What “Good” Core Web Vitals Look Like

For a site to be considered “good” by Google, 75% of page loads must meet the good thresholds:

MetricGoodNeeds ImprovementPoor
LCP≤2.5s2.5-4s>4s
FID/INP≤100ms100-300ms>300ms
CLS≤0.10.1-0.25>0.25

Most small business websites score in the “needs improvement” or “poor” range. There’s significant opportunity to gain an edge over competitors.

The Realistic Perspective

Let’s be honest:

  • Core Web Vitals are one of many ranking factors
  • Content quality still matters more
  • Good vitals won’t save bad content
  • But good vitals do provide an edge

Think of it like this: Core Web Vitals are table stakes.

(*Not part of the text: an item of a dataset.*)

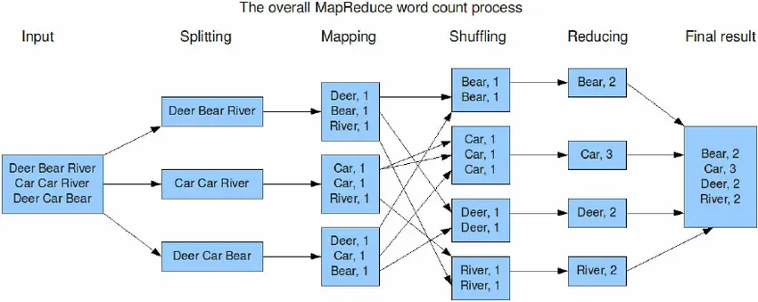 在 MapReduce 中,我们将作业划分为多个节点,每个节点同时处理作业的一部分。因此,MapReduce 基于Divide and Conquer范例,它帮助我们使用不同的机器处理数据。由于数据由多台机器而不是单台机器并行处理,因此处理数据所需的时间会减少很多。

You won’t necessarily win by having good scores, but you’ll definitely lose by having terrible ones.

When to Get Help

Optimizing Core Web Vitals can be technical. Consider professional help if:

  • Your scores are in the “poor” range
  • Quick fixes haven’t moved the needle
  • Your site uses complex JavaScript frameworks
  • You’re running e-commerce with lots of products
  • You don’t have time to learn the technical details

Our Speed & Technical SEO services include Core Web Vitals optimization. We diagnose issues, implement fixes, and verify improvements.

Next Steps

  1. Check your current scores at pagespeed.web.dev
  2. Focus on the worst metric first
  3. Implement quick wins before tackling complex issues
  4. Test after each change to verify improvement
  5. Monitor over time using Search Console

Your competitors are improving their sites. Don’t let bad Core Web Vitals put you at a disadvantage.